Statt Terror

Je nachdem, wie eine MS (Multiple Sklerose) verläuft, kann es ein Jahrzehnte dauernder Prozess langsamen Verfalls sein oder einer, weniger Jahre. Deshalb trägt die MS auch den Beinamen „Die Krankheit mit den tausenden Gesichtern“.
Bei den rasch verlaufenden, den rasch progredienten, verliert man innerhalb weniger Jahre oder nur Monate die Kontrolle über den eigenen Körper. Man verliert die Fähigkeiten Arme und Beine zu steuern, den Kopf zu halten, dazu kommen Blasenschwäche, unwillkürliche Muskelspannungen (Spastik), Verlust der Sprache.
Am Ende dieses schweren Weges, den der Betroffene bei vollem Bewusstsein erleidet, liegt er von Krämpfen gepeinigt, mit Empfindungsstörungen, in einem nicht mehr steuerbaren Körper gefangen und es folgt (nicht immer) auch das Versagen der Atemmuskulatur, was eine künstliche Beatmung nötig macht oder ein langsames Ersticken.

Die Erforschung der MS (wie aller Krankheiten!) erfordert die Intelligenz und den Förderwillen von vielen, von sehr vielen Menschen. Da nicht nur die Analyse der Krankheitsursache im Mittelpunkt steht, sondern auch die Erforschung der normalen, physiologischen Zusammenhänge und erst dann Ideen zur Behandlung der Erkrankung. (Gerade heute gab es eine Nachricht, dass die MS eventuell im Zusammenhang mit einer gestörten Darmflora steht.)
Neben der Erforschung sind viele Praktiker nötig, um medizinische oder organisatorisch den Erkrankten zu helfen. Ich denke keiner möchte in einem gelähmten Körper langsam ersticken oder zusehen, wie dies ein Angehöriger erleidet. Eine allgemeine Motivation auf Hilfe im Fall der Krankheit besteht wohl.

Damit diese Forscher und Praktiker entstehen, bedarf es einer hochwertigen, humanistischen Bildung (und einer Politik die Bildung fördert und nicht Banken).
Ein Weltbankbericht, mit dem ich mich vor vielen Jahren beschäftigen musste, hatte als Kernaussage, dass die Gesundheit und Bildung von Frauen das zentrale Thema der zukünftigen Menschheitsentwicklung darstellt. Denn gesunde, gebildete Frauen können für gesunde, gebildete (männliche und weibliche) Kinder sorgen. Die irgendwann von gebildeten Männern unterstützt werden. Diese können dann eine humane Zivilgesellschaften aufbauen, in denen vielleicht Antworten auf die großen Fragen der Menschheit gefunden werden:
Stopp der Umweltzerstörung,
Erforschung des Mikro- und Makrokosmos,
überwinden schwerer Krankheiten, wie der MS.

Wir hätten viel zu tun, statt Terror auszuüben, zu erdulden und ihn zu bekämpfen. Wir hätten viele Aufgaben.
Es gibt viele kluge Analysen – für die kein politischer Willen besteht.
Deshalb stirbt gerade wieder ein Kind an Hunger und irgendwo erstickt jemand an einer Krankheit, für die wir keine Lösung suchen.

6 Kommentare zu “Statt Terror

  1. ich glaube schon, daß geforscht wird, nur hat man wohl bis jetzt noch nichts gefunden was die Krankheit stoppt.
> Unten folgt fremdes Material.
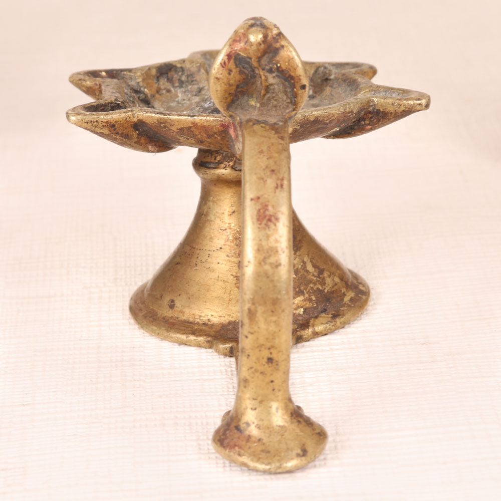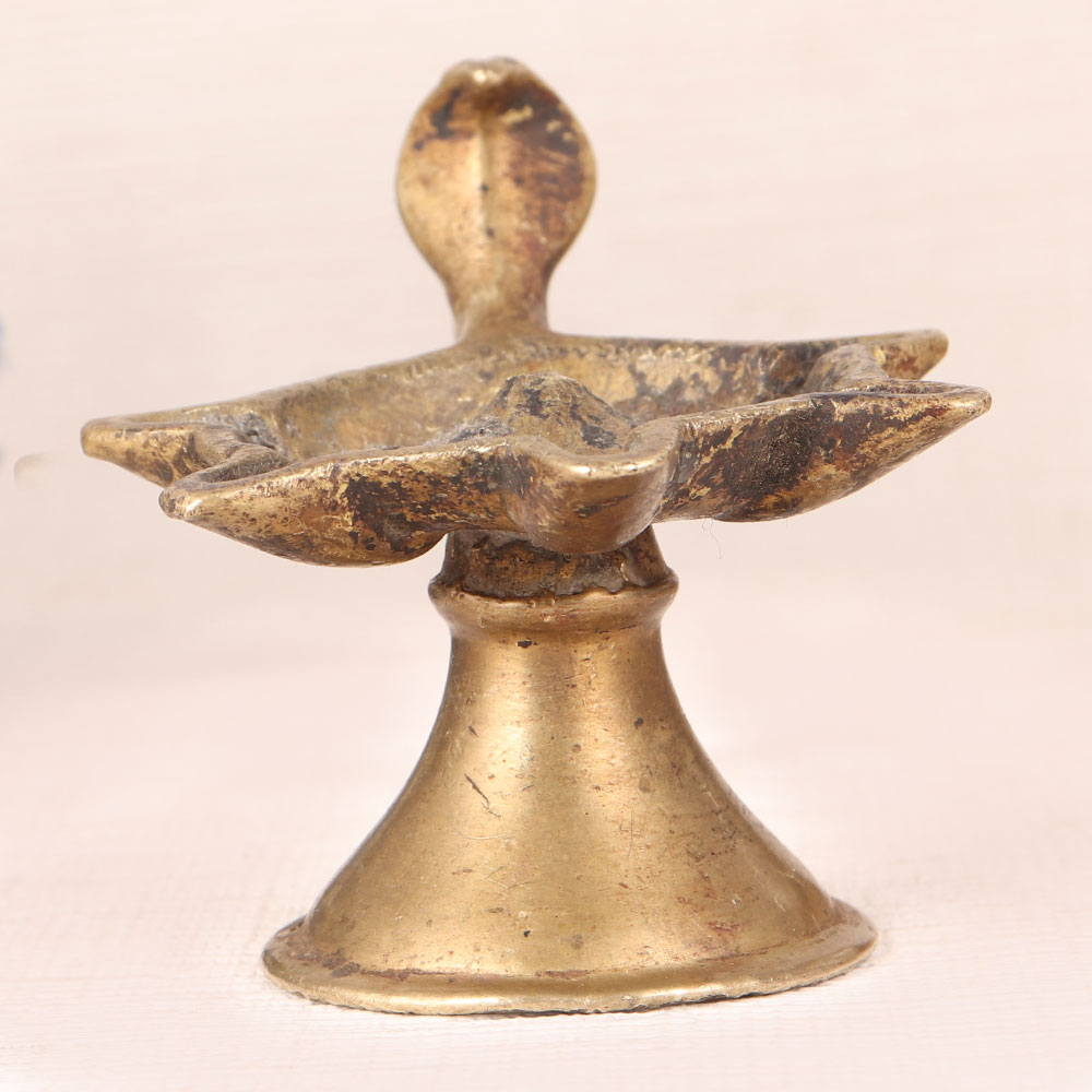 A Vintage Brass Aarti Lamp with a unique cobra handle that is meticulously handcrafted by talented Indian artisans hailing from the rich tradition of Western India. This stunning piece showcases the unparalleled craftsmanship of our artisans and is a true testament to their dedication. Crafted from high-quality brass, this lamp features an enchanting antique brown finish that adds an aura of timeless elegance to any space. Versatile in its application, it can be a cherished addition to your home, office, restaurant, hotel, shop, or cafe. This Aarti lamp is a spiritual treasure, ideal for morning and evening prayers, infusing your sacred space with a warm, inviting glow. Moreover, it serves as a captivating decorative item, perfect for vintage collectors and for display at exhibitions. With the capacity to hold five jyots, it allows you to illuminate your surroundings with the radiant flicker of mustard oil or ghee-lit cotton wicks, creating an ambiance of serenity and devotion. Celebrate special, festive, or auspicious occasions by gifting this remarkable Vintage Brass Aarti Lamp to your loved ones.

Ich kenne jemand, die diese Krankheit hat,schlimme Sache.

  2. Wie du schreibst, es ist eine Sache, das Problem zu erkennen und eine ganz andere, die Bereitschaft zu entwickeln, etwas zu tun, Mittel bereit zu stellen und eine andere Haltung zu entwickeln. Bildung und Aufklärung sind es immer wieder, die uns und anderen fehlen, um eine ‚menschlichere‘ Welt zu schaffen.